There's huge pressure to join the crowd – there always is! And here common sense as well as self preservation might well encourage us to do so...It certainly persuades one of the two who hang beside Jesus.
I guess the thieves feel they have nothing left to lose...so the first criminal takes some small vicious pleasure in joining in with his own executioners as they deride the man who hangs beside him. Perhaps he has been a lifelong bully..perhaps he has always tried to ally himself with the powerful, if the opportunity presents itself.
Certainly he can see nothing to be gained by supporting Jesus.
In extremis, though, there can be a clarity of vision...Inessentials are stripped away as our time runs its course – and there is space to see things as they really are. As the saying goes, there are no atheists in fox holes, - and not that many on crosses.

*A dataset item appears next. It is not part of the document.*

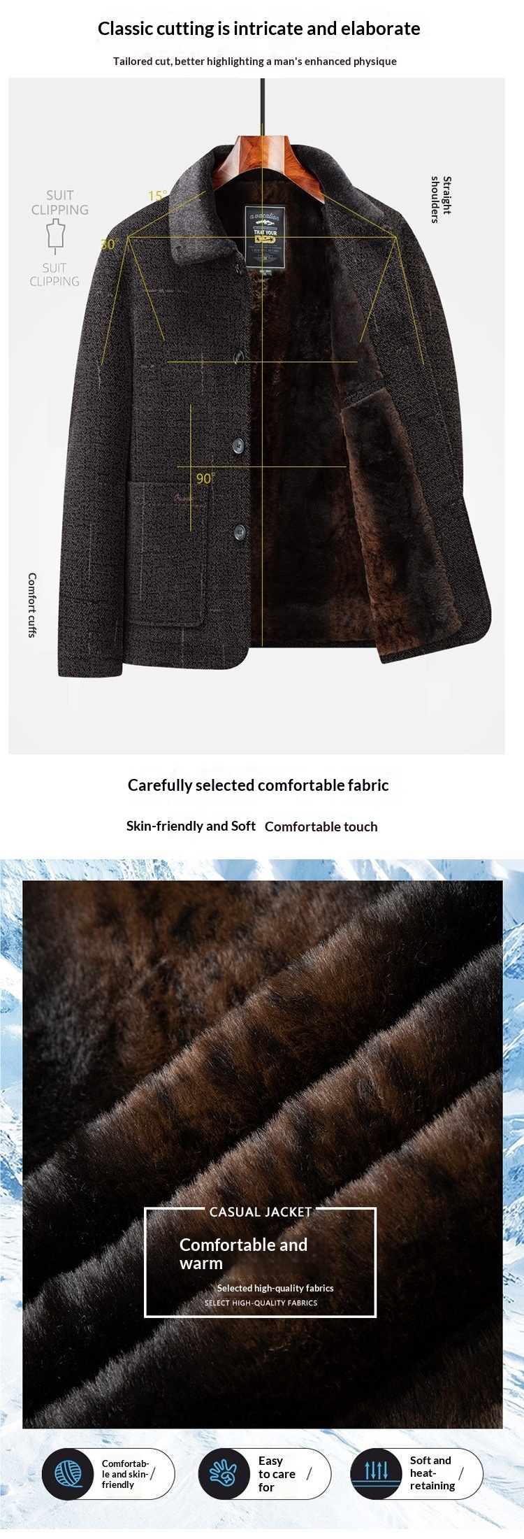 Middle-aged And Elderly Cotton-padded Jackets Dad-style Outerwear Lapel Wool Coats

Thus the second criminal recognises and articulates something wonderfully true.
Despite all the ironic mockery, despite the weakness and humiliation, the man beside him is indeed a king, so he turns to him in supplication
“Jesus, remember me when you come into your kingdom”
There is no coercian. There never has been.
Jesus hasn’t used his power to dominate and manipulate during his ministry, and he isn’t going to start now. His way has been one which set people free, giving them their own status and dignity. He has formed them into a new community where they are each responsible for each other, commanded to love, not to lord it over one another.
This is the king who kneels to wash his servants' feet before they feast...the king who chooses not a war horse but a workaday donkey to carry him into his citadel, the king who constantly gives away power in order to empower others.
It is the kingdom and its values that matter to Jesus - not his status as the king...
It is the kingdom and its values that matter to Jesus - not his status as the king...
His rule is founded on peace, justice and transformation...on making the broken whole...and so it is peace and wholeness that he promises to the repentant thief.
“Today you will be with me in Paradise”
There on that hillside, the drama of salvation is played out...the three crosses representing the daily choice that confronts us all.
Love stronger than death holds Jesus there...the man in the middle, with a dying sinner on either side, trying to decide what his message, what his kingdom, means for them.
We have to decide as well.
There's a chorus, popular at confirmations, that asks
“Will you ride, ride, ride with the king of kings
will you follow our leader true
Will you shout hosanna to the lowly Son of God
Who died for me and you?”
We can only celebrate today if our answer to that is a resounding “Yes”...expressed not just with our mouths but with lives truly subject to the rules of his Kingdom.
May we all crown him King of our lives and hearts, now and always.